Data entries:
****************************************

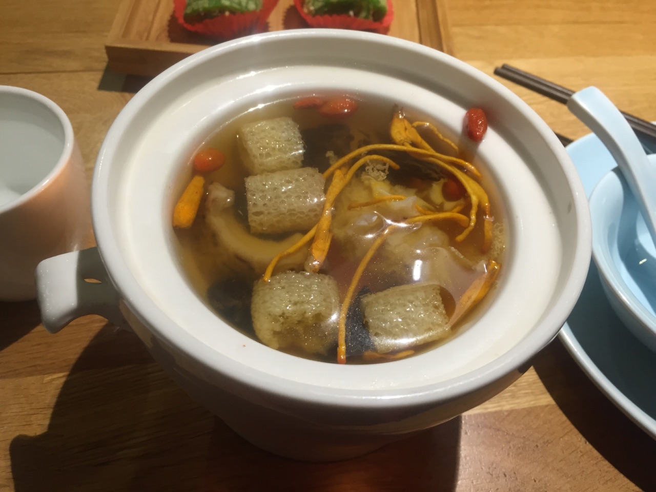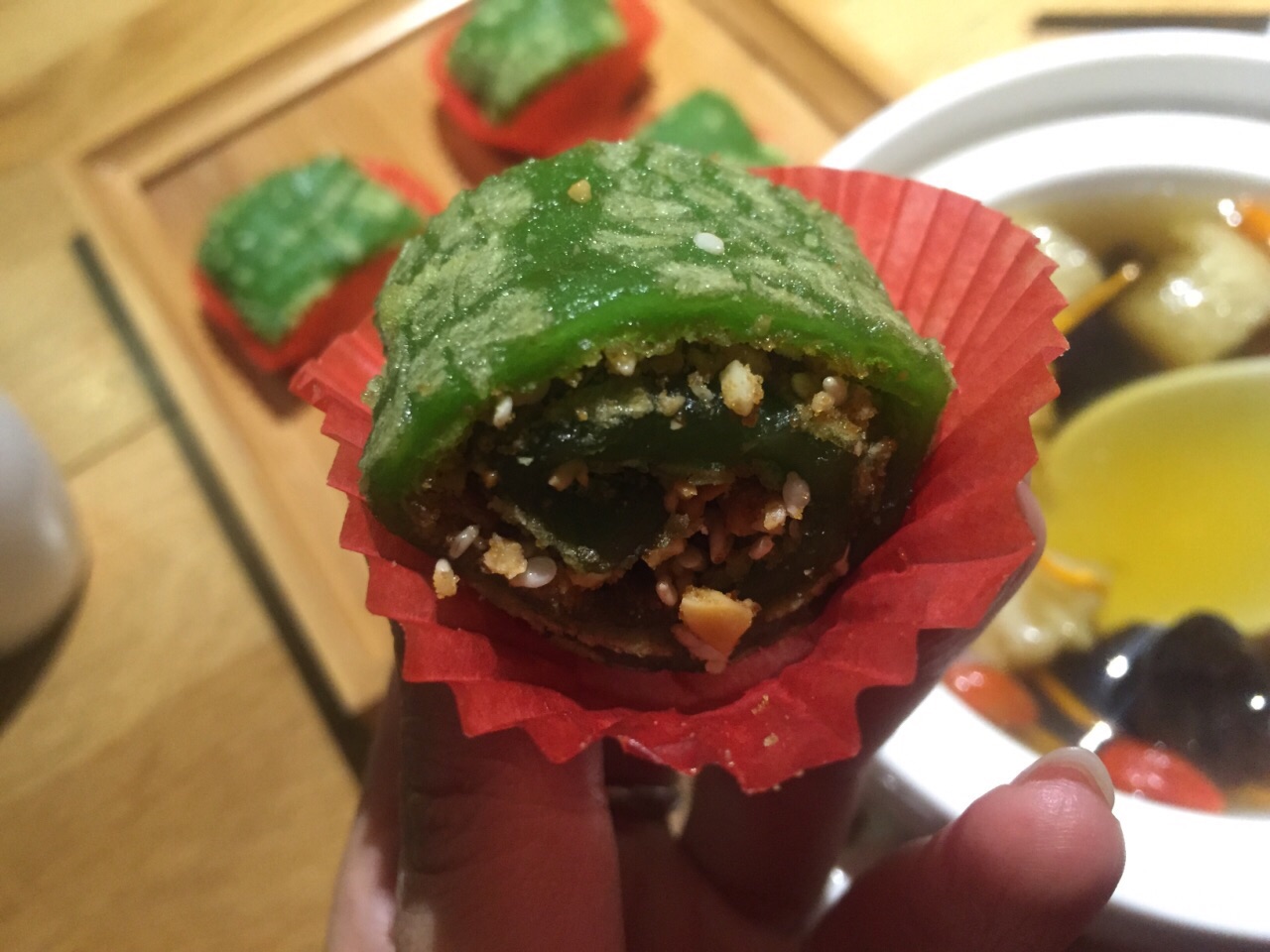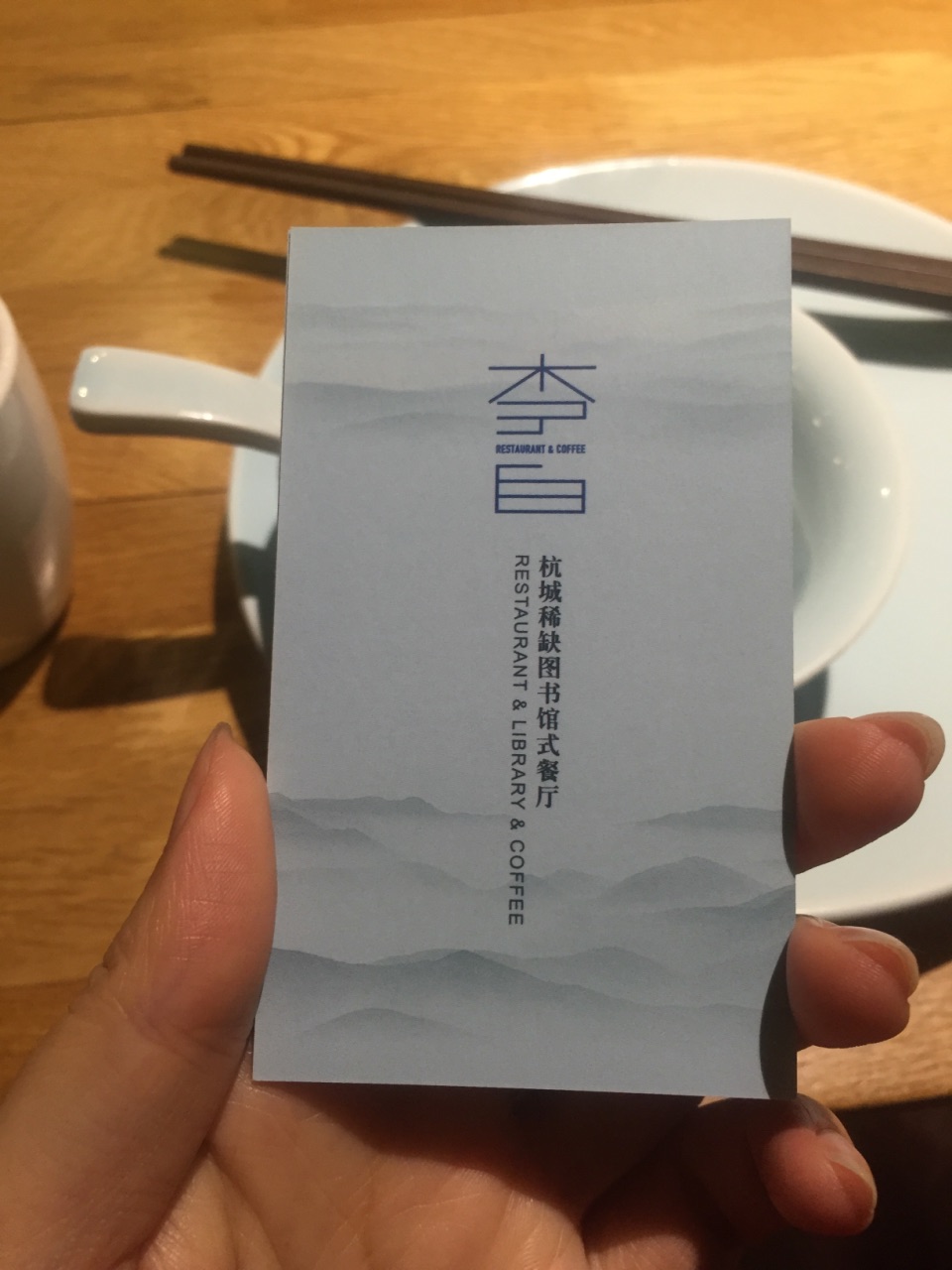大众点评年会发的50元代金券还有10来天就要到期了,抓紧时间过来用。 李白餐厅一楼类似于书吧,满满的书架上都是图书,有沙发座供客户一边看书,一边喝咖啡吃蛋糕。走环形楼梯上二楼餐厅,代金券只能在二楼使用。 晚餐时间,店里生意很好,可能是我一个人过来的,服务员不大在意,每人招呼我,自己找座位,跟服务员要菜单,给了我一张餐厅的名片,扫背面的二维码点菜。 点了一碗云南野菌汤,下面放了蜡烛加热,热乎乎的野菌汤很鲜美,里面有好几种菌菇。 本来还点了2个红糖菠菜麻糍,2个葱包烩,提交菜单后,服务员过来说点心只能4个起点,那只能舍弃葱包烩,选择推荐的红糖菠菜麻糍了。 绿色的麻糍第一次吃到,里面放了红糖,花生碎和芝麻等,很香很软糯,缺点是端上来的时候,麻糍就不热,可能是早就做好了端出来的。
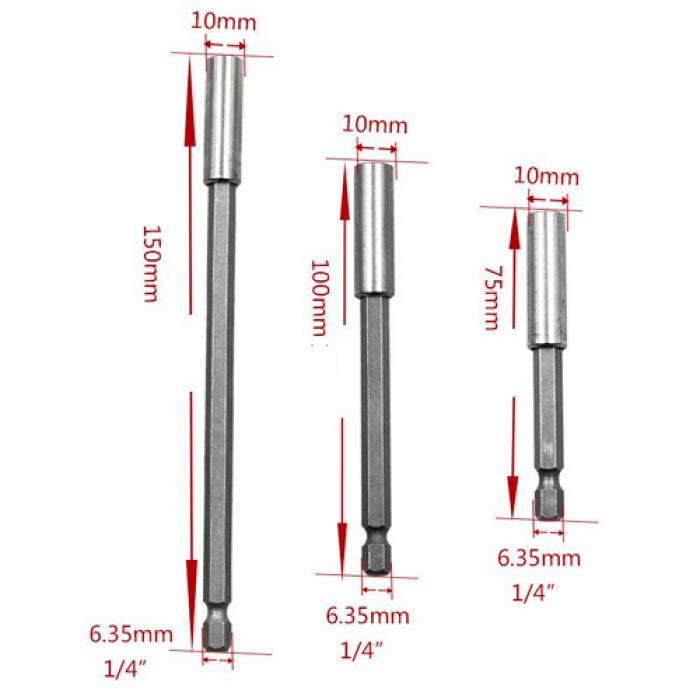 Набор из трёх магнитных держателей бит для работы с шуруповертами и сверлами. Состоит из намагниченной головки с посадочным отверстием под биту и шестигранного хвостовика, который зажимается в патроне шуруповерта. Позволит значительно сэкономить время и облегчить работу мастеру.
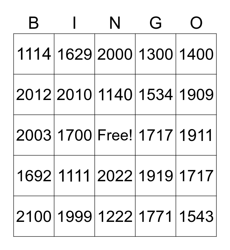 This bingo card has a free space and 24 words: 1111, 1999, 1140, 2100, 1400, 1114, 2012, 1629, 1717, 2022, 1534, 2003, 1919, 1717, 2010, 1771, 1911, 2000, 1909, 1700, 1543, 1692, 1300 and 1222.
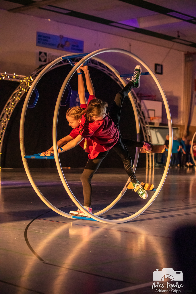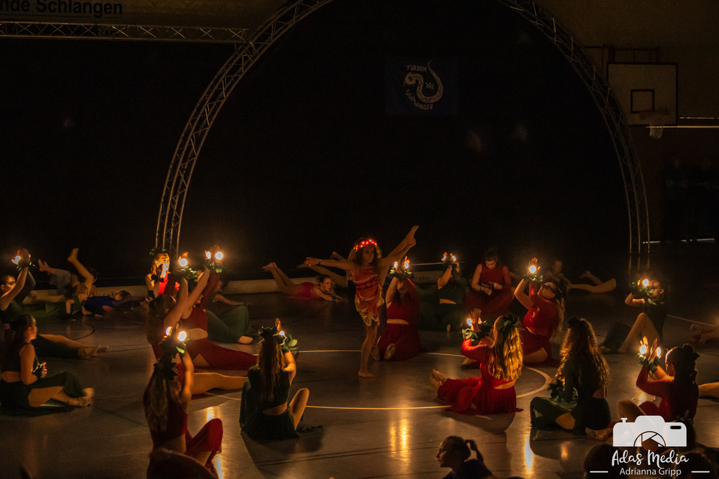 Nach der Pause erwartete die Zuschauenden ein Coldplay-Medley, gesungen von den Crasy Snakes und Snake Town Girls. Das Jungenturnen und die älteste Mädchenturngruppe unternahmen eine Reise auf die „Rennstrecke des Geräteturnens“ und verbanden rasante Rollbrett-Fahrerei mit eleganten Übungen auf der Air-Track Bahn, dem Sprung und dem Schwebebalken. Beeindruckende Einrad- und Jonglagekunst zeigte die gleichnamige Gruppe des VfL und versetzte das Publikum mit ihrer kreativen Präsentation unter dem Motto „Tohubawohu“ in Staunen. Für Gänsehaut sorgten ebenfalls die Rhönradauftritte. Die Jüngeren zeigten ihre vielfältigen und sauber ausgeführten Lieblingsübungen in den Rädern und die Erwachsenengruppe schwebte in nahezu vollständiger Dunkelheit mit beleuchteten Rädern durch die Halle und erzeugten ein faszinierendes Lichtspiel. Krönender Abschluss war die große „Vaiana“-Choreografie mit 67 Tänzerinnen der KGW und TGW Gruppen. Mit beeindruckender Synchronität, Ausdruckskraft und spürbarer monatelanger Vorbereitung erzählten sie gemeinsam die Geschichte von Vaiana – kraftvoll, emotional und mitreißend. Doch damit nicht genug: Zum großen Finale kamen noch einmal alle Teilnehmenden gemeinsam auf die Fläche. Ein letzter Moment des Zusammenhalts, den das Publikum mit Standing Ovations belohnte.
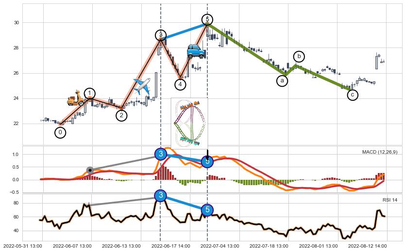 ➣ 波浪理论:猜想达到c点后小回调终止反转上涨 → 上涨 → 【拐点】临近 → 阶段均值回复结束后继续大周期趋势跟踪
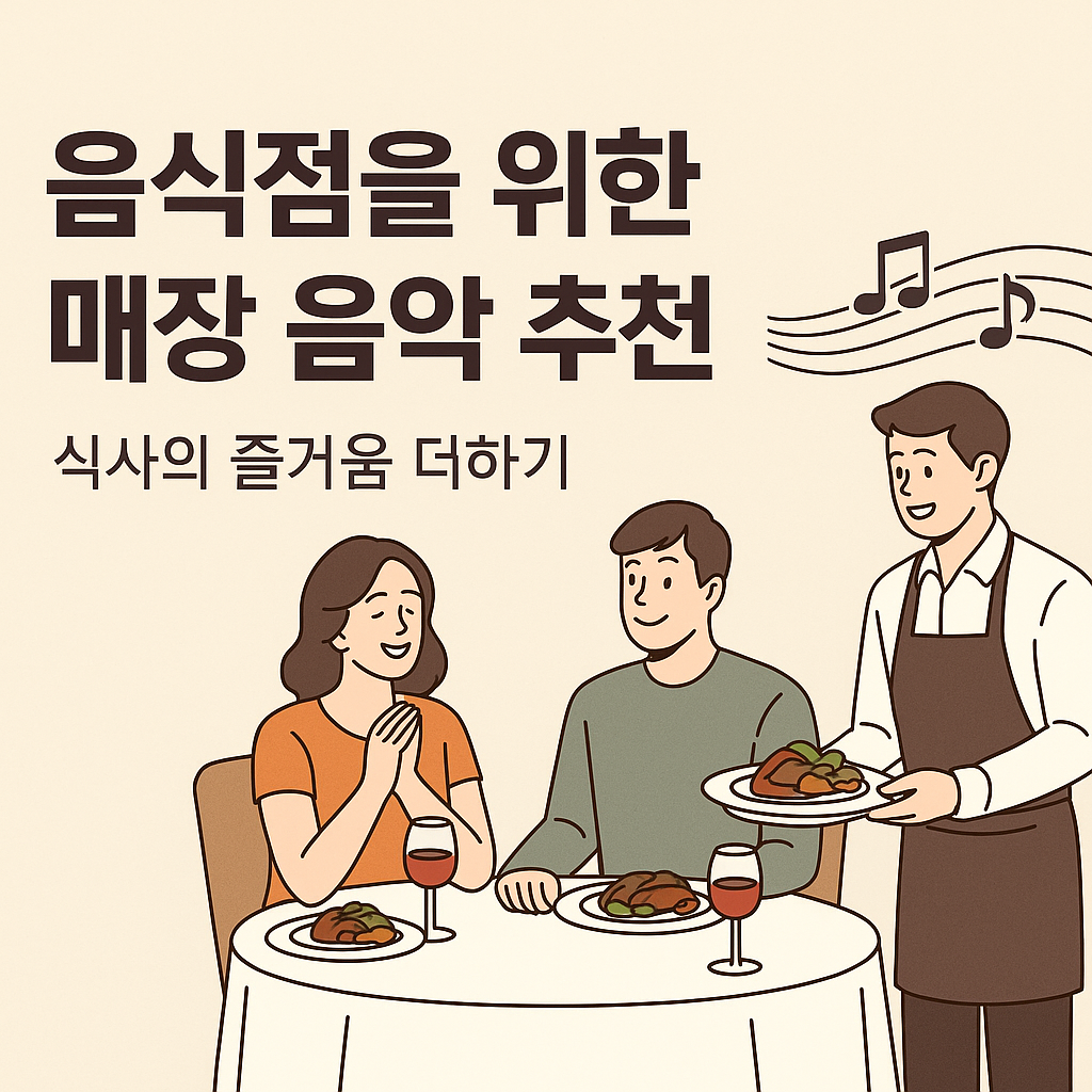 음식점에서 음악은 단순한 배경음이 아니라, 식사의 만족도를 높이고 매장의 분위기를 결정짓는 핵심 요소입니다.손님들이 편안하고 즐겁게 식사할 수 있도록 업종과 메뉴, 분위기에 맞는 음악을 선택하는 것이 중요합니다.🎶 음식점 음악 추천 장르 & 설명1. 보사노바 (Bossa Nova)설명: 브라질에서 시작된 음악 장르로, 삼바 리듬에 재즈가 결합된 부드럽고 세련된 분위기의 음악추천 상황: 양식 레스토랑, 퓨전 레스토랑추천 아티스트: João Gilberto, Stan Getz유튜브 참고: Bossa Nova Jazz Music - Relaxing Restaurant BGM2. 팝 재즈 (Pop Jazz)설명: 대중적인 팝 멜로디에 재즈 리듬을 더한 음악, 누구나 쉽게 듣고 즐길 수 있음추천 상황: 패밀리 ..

****************************************

=== WORK REQUEST ===
Please copy the lines exactly, beginning at the one containing "Nach der Pause" and ending at the last line of the records above, both included, with the pictures left out.

=== SOLVED EXERCISE ===
 Nach der Pause erwartete die Zuschauenden ein Coldplay-Medley, gesungen von den Crasy Snakes und Snake Town Girls. Das Jungenturnen und die älteste Mädchenturngruppe unternahmen eine Reise auf die „Rennstrecke des Geräteturnens“ und verbanden rasante Rollbrett-Fahrerei mit eleganten Übungen auf der Air-Track Bahn, dem Sprung und dem Schwebebalken. Beeindruckende Einrad- und Jonglagekunst zeigte die gleichnamige Gruppe des VfL und versetzte das Publikum mit ihrer kreativen Präsentation unter dem Motto „Tohubawohu“ in Staunen. Für Gänsehaut sorgten ebenfalls die Rhönradauftritte. Die Jüngeren zeigten ihre vielfältigen und sauber ausgeführten Lieblingsübungen in den Rädern und die Erwachsenengruppe schwebte in nahezu vollständiger Dunkelheit mit beleuchteten Rädern durch die Halle und erzeugten ein faszinierendes Lichtspiel. Krönender Abschluss war die große „Vaiana“-Choreografie mit 67 Tänzerinnen der KGW und TGW Gruppen. Mit beeindruckender Synchronität, Ausdruckskraft und spürbarer monatelanger Vorbereitung erzählten sie gemeinsam die Geschichte von Vaiana – kraftvoll, emotional und mitreißend. Doch damit nicht genug: Zum großen Finale kamen noch einmal alle Teilnehmenden gemeinsam auf die Fläche. Ein letzter Moment des Zusammenhalts, den das Publikum mit Standing Ovations belohnte.
 ➣ 波浪理论:猜想达到c点后小回调终止反转上涨 → 上涨 → 【拐点】临近 → 阶段均值回复结束后继续大周期趋势跟踪
 음식점에서 음악은 단순한 배경음이 아니라, 식사의 만족도를 높이고 매장의 분위기를 결정짓는 핵심 요소입니다.손님들이 편안하고 즐겁게 식사할 수 있도록 업종과 메뉴, 분위기에 맞는 음악을 선택하는 것이 중요합니다.🎶 음식점 음악 추천 장르 & 설명1. 보사노바 (Bossa Nova)설명: 브라질에서 시작된 음악 장르로, 삼바 리듬에 재즈가 결합된 부드럽고 세련된 분위기의 음악추천 상황: 양식 레스토랑, 퓨전 레스토랑추천 아티스트: João Gilberto, Stan Getz유튜브 참고: Bossa Nova Jazz Music - Relaxing Restaurant BGM2. 팝 재즈 (Pop Jazz)설명: 대중적인 팝 멜로디에 재즈 리듬을 더한 음악, 누구나 쉽게 듣고 즐길 수 있음추천 상황: 패밀리 ..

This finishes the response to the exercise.